Folic acid, also known as folate, is a B vitamin that is very important for women who are pregnant or planning to become pregnant.
For one, it helps prevent nerve defects in a growing baby. But on the other hand, of course, it is also useful for non-pregnant women. Folic acid is thought to reduce the risk of breast cancer, heart disease and anaemia and keeps your mind clear even as you age.
You can also get folic acid through foods such as fortified breakfast cereals, citrus fruits, dark green vegetables, legumes, pasta and bread. If you don’t consume these foods regularly, then it’s certainly not a bad idea to rely on supplements. Try to take 400 micrograms a day, in case you are not a pregnant breastfeeding woman; otherwise, increase to 600 micrograms.

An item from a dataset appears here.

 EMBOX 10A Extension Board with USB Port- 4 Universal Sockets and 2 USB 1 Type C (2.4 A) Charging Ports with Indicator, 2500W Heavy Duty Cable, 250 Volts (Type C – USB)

Anyone want tripe? It’s the best food to get your iron from. You need enough iron for your red blood cells to function properly. When blood cells go crazy, it often leads to anemia. But don’t worry, a lot of iron can be taken from your diet through lean meats, leafy green vegetables, seafood and nuts.
If you don’t suffer from anemia, are not pregnant, or eat nothing but candy, you probably won’t need a supplement. Menstruating women may find the supplement helpful. The recommended daily dose of iron varies greatly depending on your age and health. It certainly doesn’t hurt to ask your doctor for advice.